The real reason The Celebration works (and the reason it received a 15-minute ovation and the Jury Prize at Cannes) is the acting and the story. I have written before how only actors matter—they are the bearers of pathos in a film. Hire a workmanlike director and a middling cinematographer, but if your cast shines, you have yourself a good movie. Not so the other way around. (Of course, it helps to have all the pieces—Anthony Dod Mantle, who won an Oscar for Slumdog Millionaire, shot The Celebration in glorious 720i mini DV.)

The story is also riveting. As extended family gather to celebrate a patriarch’s 60th birthday, Christian decides this is the time to reveal how he and his twin sister were sexually abused by their father the patriarch—this hidden abuse drove his twin to her recent suicide. There is confusion, doubt, denial, recriminations, and revelations. The drama is so intense, the viewer eventually forgets about the TV-like picture and focuses on the players. I remember seeing this in the Laemmle in West L.A., curiously scrutinizing the video-film transfer to see if this was indeed the future of cinema. It wasn’t long before my study ceased and I settled in to enjoy the movie.

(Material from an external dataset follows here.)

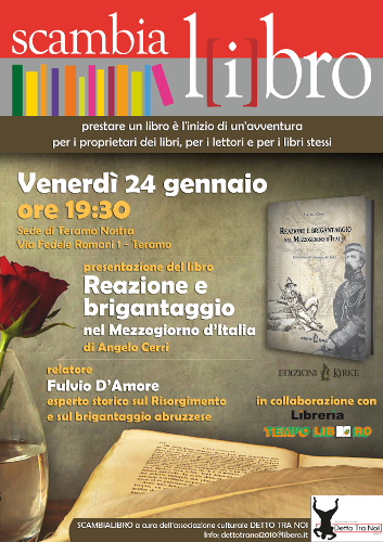Il libro che verrà presentato è la riedizione di “Reazione e Brigantaggio nel Mezzogiorno d’Italia”: volume del 1893 sul brigantaggio e la sua genesi scritto da Angelo Cerri e curato per la mristampa da Fulvio D’Amore, ospite gradito assieme all’editore.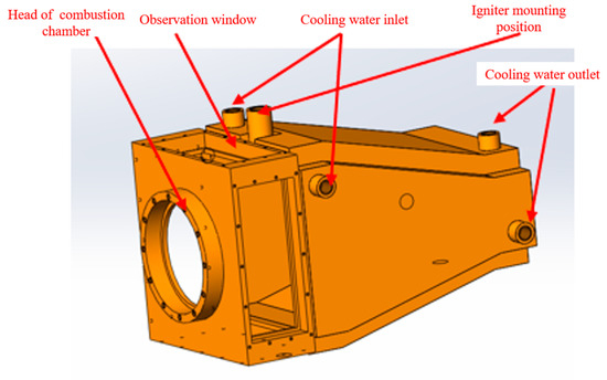 Due to the constraints imposed by the installation position of the igniter and the requirements for the configuration of the observation windows, the dimensions of the observation windows are designed to be 38 mm × 97 mm and 38 mm × 99 mm, respectively. These observation windows enable the measurement of cross-sections ranging from 4 mm to 42 mm from the outlet of the head. High-temperature glass was utilized for the observation windows. For the construction, the 310S stainless steel was selected. This austenitic chromium–nickel stainless steel exhibits excellent oxidation and corrosion resistance, allowing it to operate continuously at elevated temperatures. The wall thickness of the combustion chamber is 3 mm. However, the central temperature within the swirling combustion chamber is relatively high and exceeds the material’s tolerance limit. Therefore, it is essential to cool the wall surface of the combustion chamber. Given the limitations of laboratory conditions, the water cooling method was adopted. Figure 4 illustrates the physical appearance and installation schematic of the combustion chamber.

Digital video is now the norm for indie moviemakers. It’s opened up a world of possibilities without the punishing costs of film stock and lab work. But I fear modern filmmakers often lean too hard into papering over their lacks instead of leaning into them. Do a web search for “how to make my digital video look like film” and you’ll find a wealth of technical articles on gamma and color profiles. That’s not art; it’s engineering. Adjust your black levels, sure, but not at the expense of immediacy of emotion.

As well, Dogme 95 has been criticized as unnecessary artifice, but I appreciate the sometimes-need to think about filmcraft we take for granted. Why are you making a genre film? Why did you introduce a gun into the scene and is there another way you can advance the action? In The Celebration, Dogme 95 freed Vinterberg from conventional camera placements and opened him up to some innovative movements. To be sure, Vinterberg flouted the rules a few times—Helene discovers her sister’s suicide note by following arrows drawn on the ceiling by the filmmakers and Vinterberg confessed to masking a window at one point. Rules are made to be broken, but they’re also made to make one think on why they exist in the first place. We’re in an era of both overabundant dross and boundless creativity in cinema. Vinterberg and The Celebration were at the beginning of that.